3. Semantic translation refers to that type of translation where the form of the original text is followed, and the intention of the author is maintained, but the translation is made natural and fluent.
4. Communicative translation requires the meaning of texts to be translated without concern for lexical or structural equivalents. Readability is of greater concern than faithfulness.
As noted above, the most basic translation process is comprised of two parts, understanding and expressing. However, only in open-ended (OE) or CR tests are test-takers permitted to give this type of answers. It is extremely rare that a person’s translation ability is tested by the MC tests. The four fixed choices neither allow the test-takers to express their own answers, nor the graders to really comprehend the current level of the examinee’s translation abilities.
Translation Quality and Principles
Quality has always been one of the top priorities in the discussions of translation. It is hard to judge which target text is a ‘good’ translation in comparison to a ‘bad’ or ‘poor’
translation. The criteria differ depending on the theoretical framework adopted to evaluate the target texts (Schäffner, 1997). There is no such a short-cut in translation.

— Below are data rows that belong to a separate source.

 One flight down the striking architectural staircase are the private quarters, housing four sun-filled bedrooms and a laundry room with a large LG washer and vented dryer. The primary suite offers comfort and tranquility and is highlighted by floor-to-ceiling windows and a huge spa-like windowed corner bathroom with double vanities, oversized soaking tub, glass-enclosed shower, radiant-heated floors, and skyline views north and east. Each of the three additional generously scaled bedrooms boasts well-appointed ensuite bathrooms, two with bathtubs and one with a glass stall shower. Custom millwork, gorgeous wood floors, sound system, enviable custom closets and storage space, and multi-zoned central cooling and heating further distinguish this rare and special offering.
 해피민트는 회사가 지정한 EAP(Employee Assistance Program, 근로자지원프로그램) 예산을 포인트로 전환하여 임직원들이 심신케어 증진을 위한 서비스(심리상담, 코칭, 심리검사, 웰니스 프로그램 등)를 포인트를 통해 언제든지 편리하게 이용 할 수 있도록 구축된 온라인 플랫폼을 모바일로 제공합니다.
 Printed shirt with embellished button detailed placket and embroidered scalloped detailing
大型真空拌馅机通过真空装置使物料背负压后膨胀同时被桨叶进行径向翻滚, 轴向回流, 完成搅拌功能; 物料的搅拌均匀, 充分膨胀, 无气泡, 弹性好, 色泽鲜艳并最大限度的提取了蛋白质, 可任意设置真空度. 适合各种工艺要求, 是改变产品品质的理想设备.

There are mainly two kinds of translation principles, semantic translation and
communicative (Liou, 1993). The former emphasizes accuracy, which means that the translators have to translate the original text into the target language exactly without adding any extra content, and without intensifying or weakening any parts of the meaning. The latter stresses fluency, where the translator has to translate the source language into the target language as fluently as possible. In spite of their differences, they are not
necessarily exclusive. They are two sides of the same coin, because the more you want to maintain the original meaning of the source language, the less you keep of the way it is expressed in the target language.

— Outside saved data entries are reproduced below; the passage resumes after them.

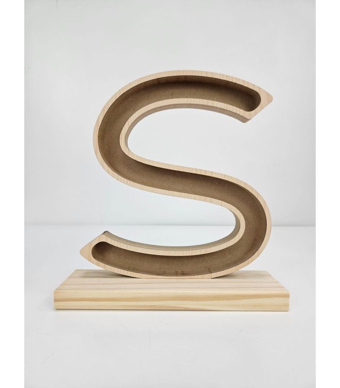 Letra S con peana en madera maciza de 22mm, con interior hueco para que puedas decorarla con flores secas, luces LED, musgo o cualquier idea creativa. Perfecta para regalos, bodas, eventos o como pieza única para tu hogar. ¡Personalízala y dale vida a tu estilo!.
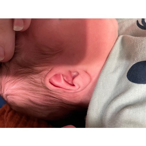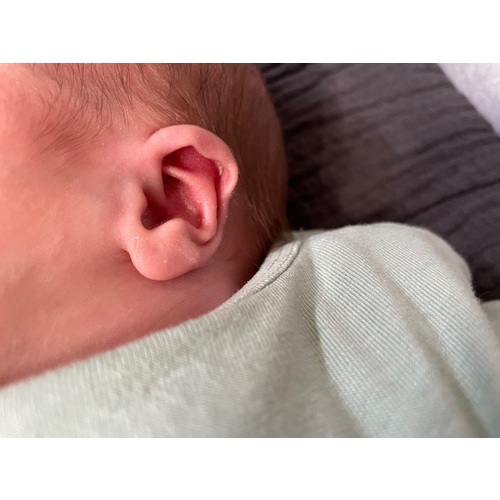 Mocht mn zoon ooit een bril nodig hebben, dan kan dat wel een uitdaging worden als we de oorschelpen zo laten.
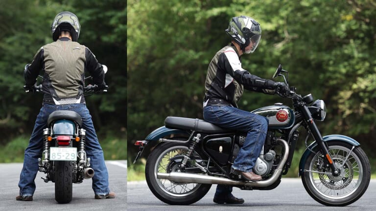 ライディングポジションは旧車の雰囲気に準じたアップライトなもので、上半身は直立に近い。丸みのある燃料タンクはニーグリップがしやすい。シート高780mmは低めの数値だが、座面が左右にやや広いので小柄な方は購入前に要チェックだ。【身長183cm】
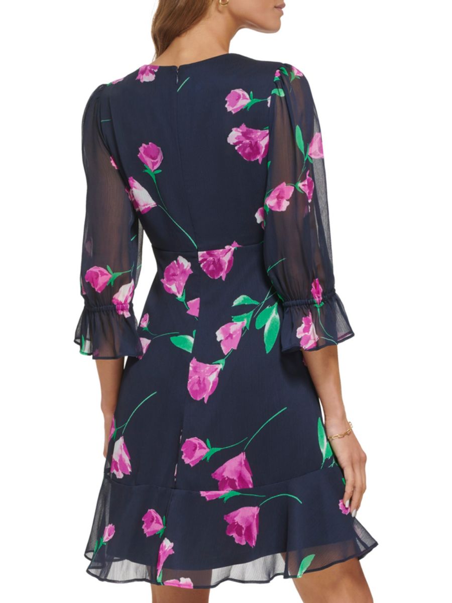Мини-платье с цветочным принтом и клешем DKNY, цвет Navy Rasberry

In his book Evolution and Ethics and Other Essays, Yen Fu, one of the most
influential and authoritative translators as well as translation theorists in China, proposed three basic principles as the criteria for a good translation— ‘faithfulness’, ‘fluency’, and
‘elegance’ (Liou, 1995). These criteria have had a dramatic influence on the development of translation in practice and theory. Faithfulness requires the translator to be responsible
to the original text; the meaning in the target language also had to be faithful and pertinent to the meaning of the original one. Fluency refers to the intelligibility of the target language text; the translated text should be faithful to the language rules of the target language. Elegance, the most difficult principle to apply of the three, refers to the requirement that the translation should be esthetically pleasing. These are deemed the three highest principles for most Chinese translators, and can serve as grading criteria at the same time. Sih (1972) in his book Translation Study makes a clear list of seven crucial points for translation:
a. Translation should not be ordered and disciplined, and no extra content should be added. A good translation is like salt dissolved in water. You cannot see it, but it is there.

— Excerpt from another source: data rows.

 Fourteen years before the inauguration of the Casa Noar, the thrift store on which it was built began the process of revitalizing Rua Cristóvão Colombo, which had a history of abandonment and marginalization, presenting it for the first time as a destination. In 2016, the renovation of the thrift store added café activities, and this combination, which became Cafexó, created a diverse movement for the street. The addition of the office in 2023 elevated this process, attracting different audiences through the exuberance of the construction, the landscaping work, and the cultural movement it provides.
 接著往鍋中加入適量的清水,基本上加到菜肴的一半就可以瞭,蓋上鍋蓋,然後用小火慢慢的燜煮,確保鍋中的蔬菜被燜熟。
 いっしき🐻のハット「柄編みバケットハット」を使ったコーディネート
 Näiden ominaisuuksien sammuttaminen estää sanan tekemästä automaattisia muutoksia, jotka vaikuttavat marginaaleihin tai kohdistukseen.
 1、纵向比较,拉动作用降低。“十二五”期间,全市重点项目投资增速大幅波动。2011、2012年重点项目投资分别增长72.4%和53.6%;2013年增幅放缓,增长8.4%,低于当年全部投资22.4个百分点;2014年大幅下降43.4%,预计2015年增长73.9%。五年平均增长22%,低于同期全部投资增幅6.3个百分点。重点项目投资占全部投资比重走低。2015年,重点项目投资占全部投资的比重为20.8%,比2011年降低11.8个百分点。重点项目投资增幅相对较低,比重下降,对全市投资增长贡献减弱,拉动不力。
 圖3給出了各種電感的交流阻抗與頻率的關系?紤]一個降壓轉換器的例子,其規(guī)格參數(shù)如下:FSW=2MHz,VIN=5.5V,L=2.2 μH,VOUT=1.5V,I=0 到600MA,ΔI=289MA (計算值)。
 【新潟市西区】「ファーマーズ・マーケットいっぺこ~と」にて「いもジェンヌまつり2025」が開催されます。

b. Do not simply try to translate words, but meanings.
c. An English word may have more than one meaning in Chinese. If you translate a word that you know into Chinese, but it seems inconsistent with the meaning of what you have translated so far, you may have misunderstood the meaning of the word.
d. When translating, consult more than one dictionary. No dictionary is perfect.
e. Double-check the translation to make sure there you do not miss any parts.
f. When faced with a difficult topic, translate it carefully. Ask experts or specialists advice.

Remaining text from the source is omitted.